Ultra-high-performance concrete (UHPC) has received remarkable attentions in civil infrastructure due to its unique mechanical characteristics and durability. UHPC gains increasingly dominant in essential structural elements, while its unique properties pose challenges for traditional inspection methods, as damage may not always manifest visibly on the surface. As such, the need for robust inspection techniques for detecting cracks in UHPC members has become imperative as traditional methods often fall short in providing comprehensive and timely evaluations. In the era of artificial intelligence, computer vision has gained considerable interest as a powerful tool to enhance infrastructure condition assessment with image and video data collected from sensors, cameras, and unmanned aerial vehicles.

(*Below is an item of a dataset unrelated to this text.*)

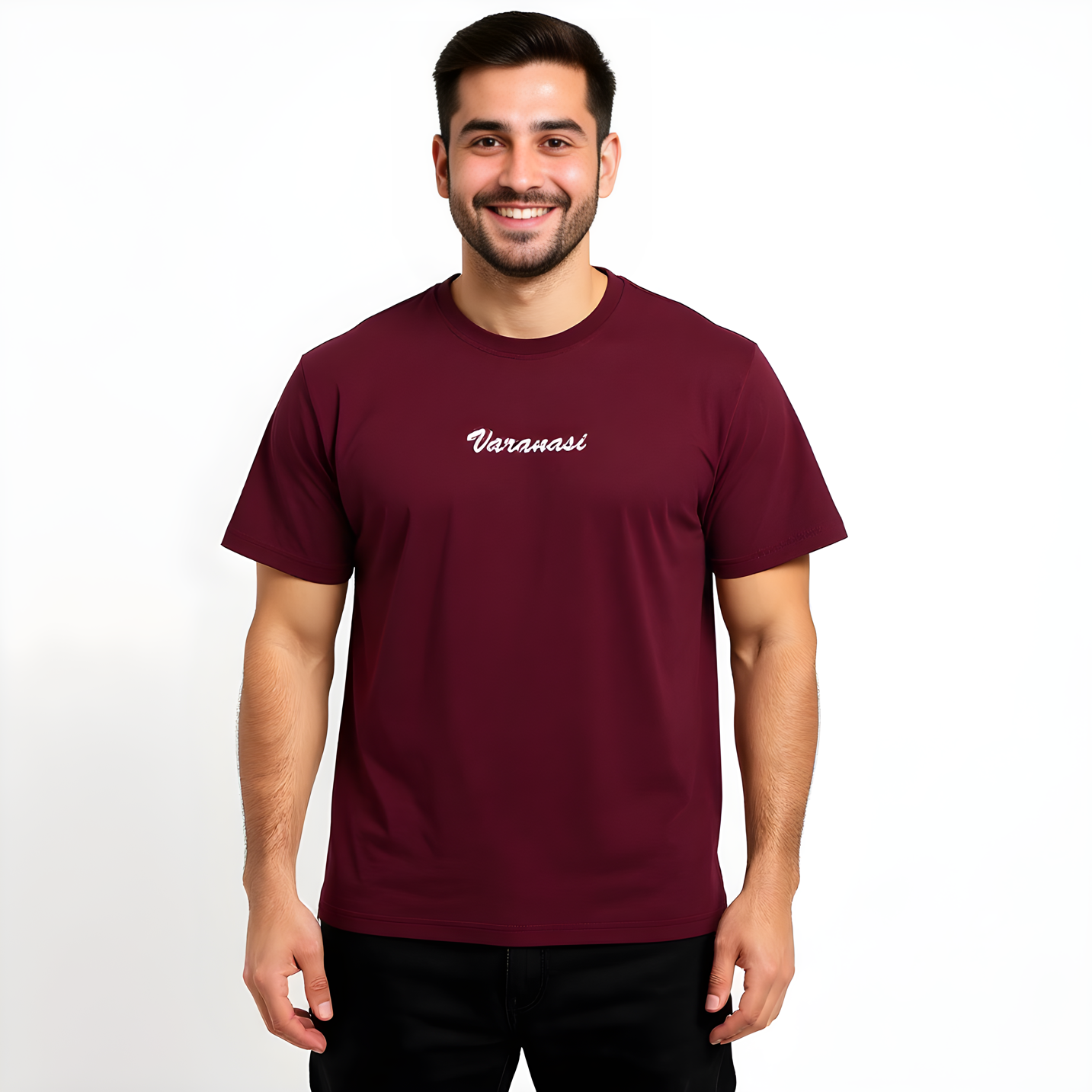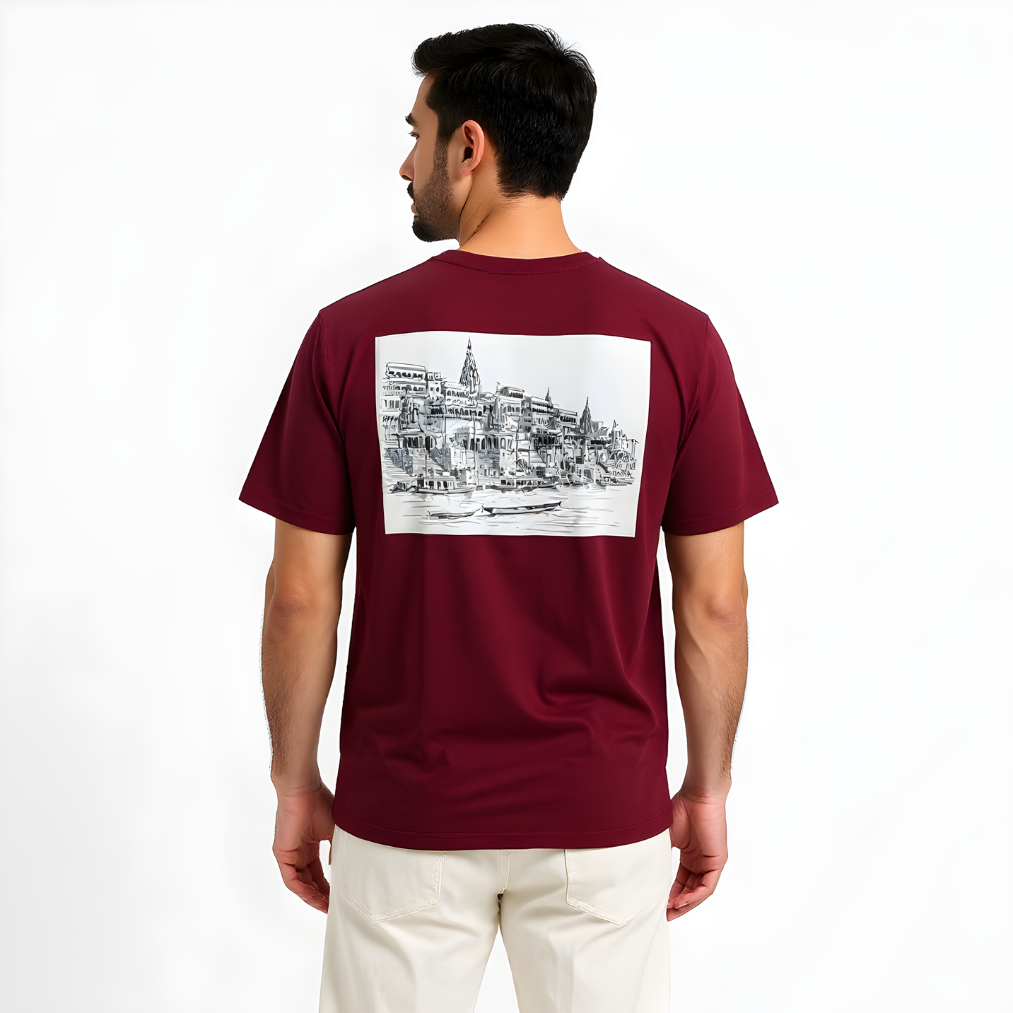 This T-shirt features a detailed black and white cityscape of Varanasi print on the back. The shirt has an oversize, relaxed fit that is comfortable for everyday wear.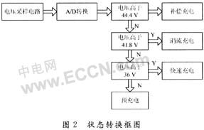 當電池進行充電時,電池電壓采樣電路立刻對電池的端電壓進行循環的掃描,將采樣得到的端電壓信號送人到PIC16C73B的一路AD口進行轉換,單片機根據電池當前的狀態決定采用何種方式對電池充電。控制過程框圖如圖2所示。

This paper presents a computer vision-based approach employing deep learning to detect cracks in UHPC beams, with the aim of addressing the inherent limitations of traditional inspection methods. This work leverages computer vision to discern intricate patterns and anomalies. Particularly, a convolutional neural network architecture employing transfer learning is adopted to identify the presence of cracks in the beams. The proposed approach is evaluated with image data collected from full-scale experiments conducted on UHPC beams subjected to flexural and shear loadings. The results of this study indicate the applicability of computer vision and deep learning as intelligent methods to detect major and minor cracks and recognize various damage mechanisms in UHPC members with better efficiency compared to conventional monitoring methods. Findings from this work pave the way for the development of autonomous infrastructure health monitoring and condition assessment, ensuring early detection in response to evolving structural challenges. By leveraging computer vision, this paper contributes to usher in a new era of effectiveness in autonomous crack detection, enhancing the resilience and sustainability of UHPC civil infrastructure.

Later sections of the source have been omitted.